Elisa Tostini
(NPG 1998-06-47)
Magra come un fuscello al vento, alta più del normale, capelli biondi a zazzera, orecchini al naso, nelle orecchie, nel ventre. Andatura dinoccolata, sui 20 anni: la testa per aria, sempre assente con la mente, Elvira è la disperazione della famiglia, degli amici, di Afredo che la segue o insegue da anni. Dopo varie questioni con quella scuola del Liceo, con il Preside, le allieve, i professori; dopo scuole cambiate e lasciate, Elvira tenta la via di un possibile lavoro, su consiglio e con l’aiuto di amici (che la allontanano sempre più da casa, dal padre e dalla madre, che non riescono in nessun modo a dialogare con lei, fin da quando era ragazzina undicenne). Tutti si domandano del suo carattere pazzesco e irrequieto: a casa non c’è mai; quando c’è si chiude nel suo mutismo e dialoga solo con il telefono che trascina anche in bagno; non ha relazioni neanche con la sorella, da cui la divide l’incompatibilità di carattere e l’esigenza comune del telefono. Entrambe così si arrabbiano, e nessuna delle due ascolta, perché nel frattempo la musica dei «compact-disc è assordante»... La madre la supplica, allora lei esce di casa e sbatte la porta.
Una volta fuori non dà notizie di sé, lo fa da anni; i familiari sono rassegnati ma disperati. Elvira è bella, la guardano tutti, ma è una bellezza un po’ fredda. È scontrosa con chi la interroga, con qualche «malcapitato» che la conosce da poco tempo.
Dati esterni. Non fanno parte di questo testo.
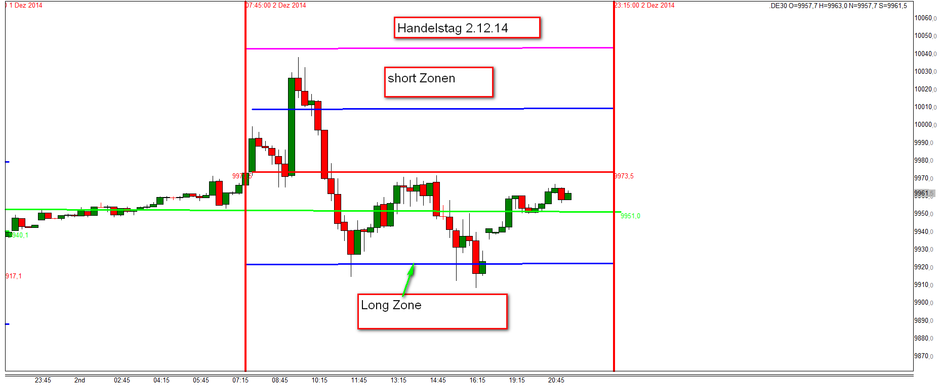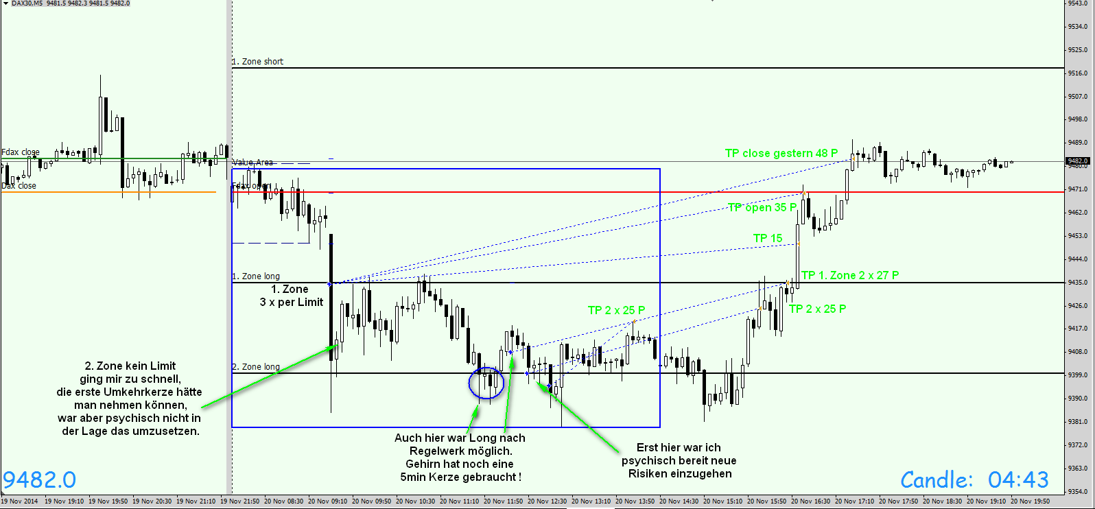 Angefügtes Bild liegt ausgedruckt neben dem Rechner. Handeln an den Rändern. Geduld aufbringen und nicht innerhalb der Zonen einsteigen. Vormittagshandel war gut aber die Umkehr an 1. Zone short war ein " muss " -

Alfredo la tiene in terapia due volte al mese. Sa, purtroppo, che da qualche tempo si droga. Tenta di scavare nel suo passato di adolescente, sempre di più, ma «lei» è scaltra e svicola. Da qualche tempo è intrattabile, sonnolenta... nervosa, risponde male, dice di non «avere tempo» perché lavora: non è vero. Lui sa della sua ricerca per quel lavoro precario in discoteca la sera, oramai lasciato da tempo. Con i suoi amici è allegra e cordiale. Con i «fidanzati» un po’ meno... Li lascia: spesso non fa sapere nulla di sé per mesi...
L’altro giorno Elvira si è sentita male. Dopo l’ospedale è in un Istituto per trattamento riabilitativo. Sono vari mesi che è lì. Alfredo la trova cambiata, più calma. Forse la disperazione sfocerà presto in un probabile «rientro» in famiglia. Ma poi tutto ricomincerà?